• [EXERCISE INSTRUCTIONS]
Only the pictures stay out; please return all the entries below exactly as written.
--- MATERIAL SUPPLIED Enclosed Below ---
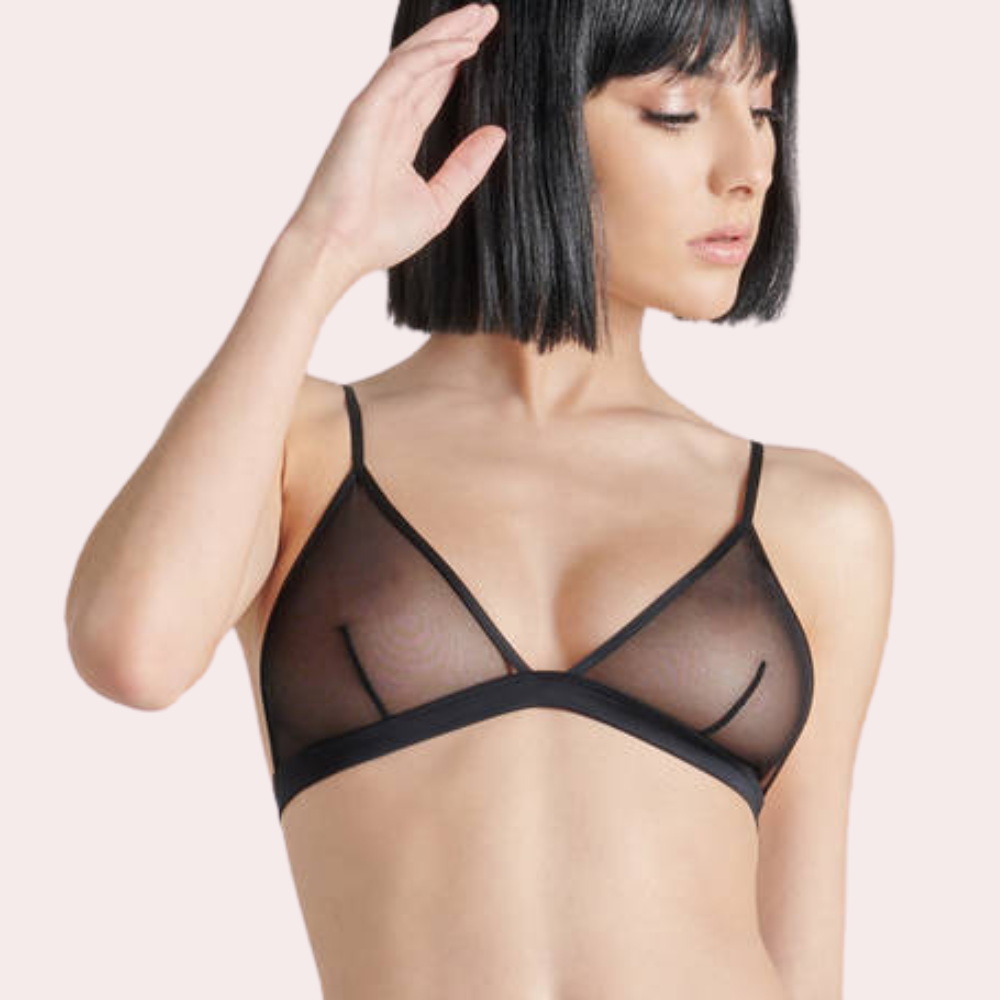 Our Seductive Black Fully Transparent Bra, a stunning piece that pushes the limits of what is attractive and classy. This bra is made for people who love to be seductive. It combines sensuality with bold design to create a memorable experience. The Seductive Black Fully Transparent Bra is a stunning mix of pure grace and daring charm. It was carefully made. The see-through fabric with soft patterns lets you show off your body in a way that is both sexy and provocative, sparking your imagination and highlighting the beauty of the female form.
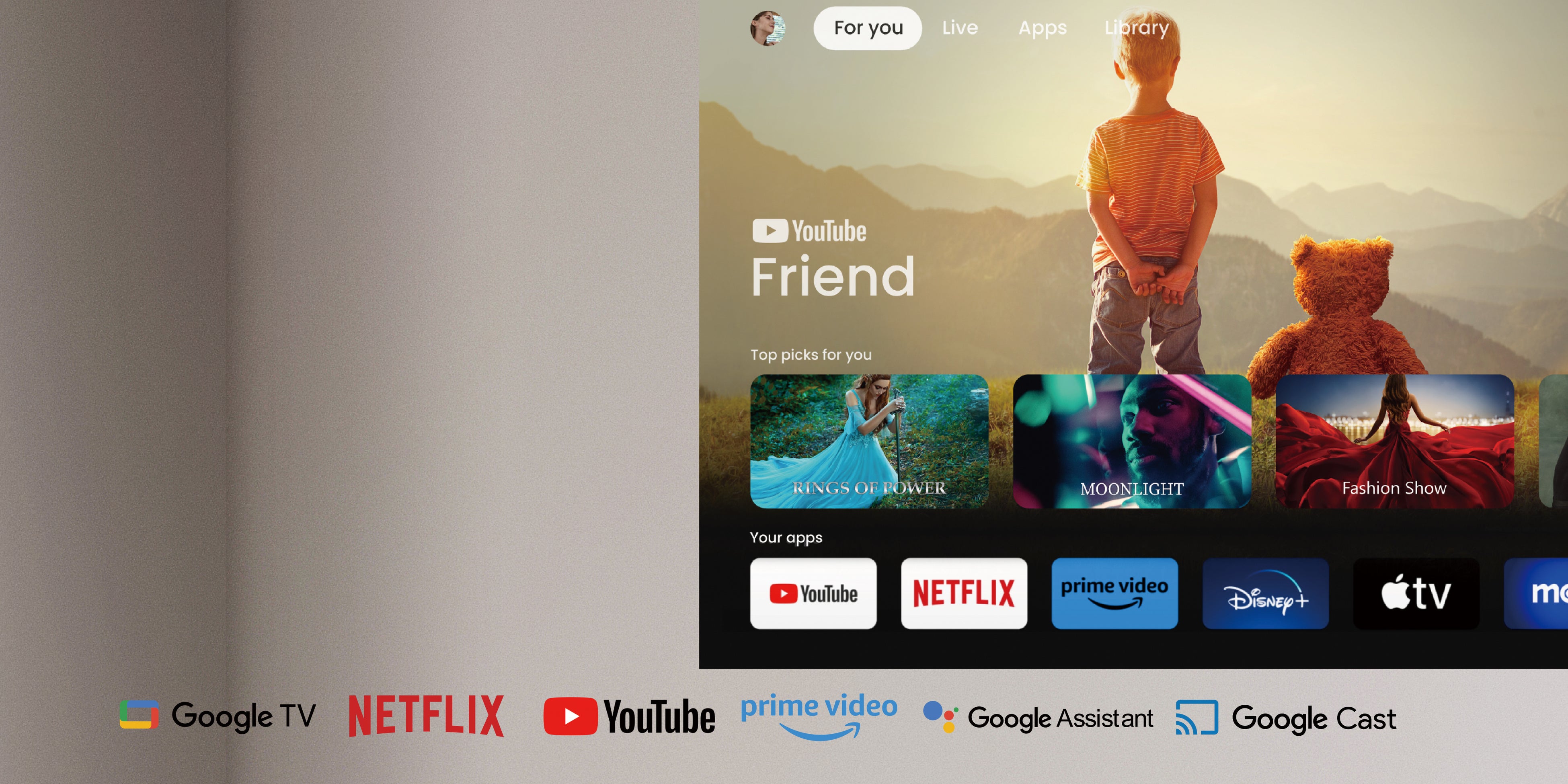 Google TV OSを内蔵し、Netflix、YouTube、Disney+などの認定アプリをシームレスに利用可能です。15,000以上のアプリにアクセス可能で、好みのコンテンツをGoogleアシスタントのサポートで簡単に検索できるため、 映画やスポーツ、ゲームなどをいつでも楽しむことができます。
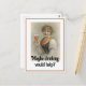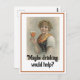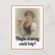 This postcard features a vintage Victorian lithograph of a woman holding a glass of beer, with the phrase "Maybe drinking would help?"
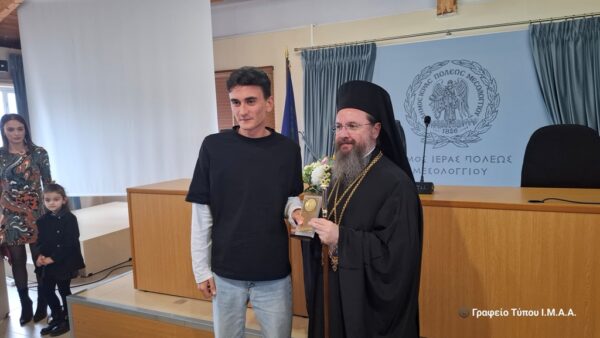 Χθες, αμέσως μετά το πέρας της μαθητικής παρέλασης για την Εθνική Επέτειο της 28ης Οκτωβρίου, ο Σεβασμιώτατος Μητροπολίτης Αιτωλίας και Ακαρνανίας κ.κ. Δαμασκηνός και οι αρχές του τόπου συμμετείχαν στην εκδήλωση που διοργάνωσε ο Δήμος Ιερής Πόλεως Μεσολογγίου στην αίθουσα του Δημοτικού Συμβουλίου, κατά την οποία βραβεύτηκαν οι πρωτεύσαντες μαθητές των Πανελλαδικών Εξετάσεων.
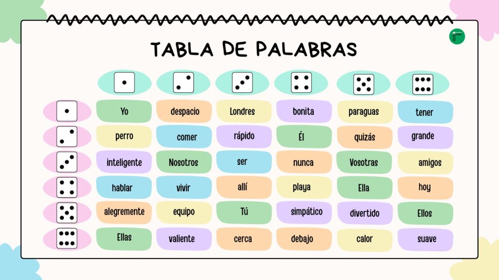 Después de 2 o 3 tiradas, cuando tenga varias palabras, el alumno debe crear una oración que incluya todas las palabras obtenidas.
--- End of Enclosed MATERIAL SUPPLIED ---
• [WRITTEN SOLUTION]
 Our Seductive Black Fully Transparent Bra, a stunning piece that pushes the limits of what is attractive and classy. This bra is made for people who love to be seductive. It combines sensuality with bold design to create a memorable experience. The Seductive Black Fully Transparent Bra is a stunning mix of pure grace and daring charm. It was carefully made. The see-through fabric with soft patterns lets you show off your body in a way that is both sexy and provocative, sparking your imagination and highlighting the beauty of the female form.
 Google TV OSを内蔵し、Netflix、YouTube、Disney+などの認定アプリをシームレスに利用可能です。15,000以上のアプリにアクセス可能で、好みのコンテンツをGoogleアシスタントのサポートで簡単に検索できるため、 映画やスポーツ、ゲームなどをいつでも楽しむことができます。
 This postcard features a vintage Victorian lithograph of a woman holding a glass of beer, with the phrase "Maybe drinking would help?"
 Χθες, αμέσως μετά το πέρας της μαθητικής παρέλασης για την Εθνική Επέτειο της 28ης Οκτωβρίου, ο Σεβασμιώτατος Μητροπολίτης Αιτωλίας και Ακαρνανίας κ.κ. Δαμασκηνός και οι αρχές του τόπου συμμετείχαν στην εκδήλωση που διοργάνωσε ο Δήμος Ιερής Πόλεως Μεσολογγίου στην αίθουσα του Δημοτικού Συμβουλίου, κατά την οποία βραβεύτηκαν οι πρωτεύσαντες μαθητές των Πανελλαδικών Εξετάσεων.
 Después de 2 o 3 tiradas, cuando tenga varias palabras, el alumno debe crear una oración que incluya todas las palabras obtenidas.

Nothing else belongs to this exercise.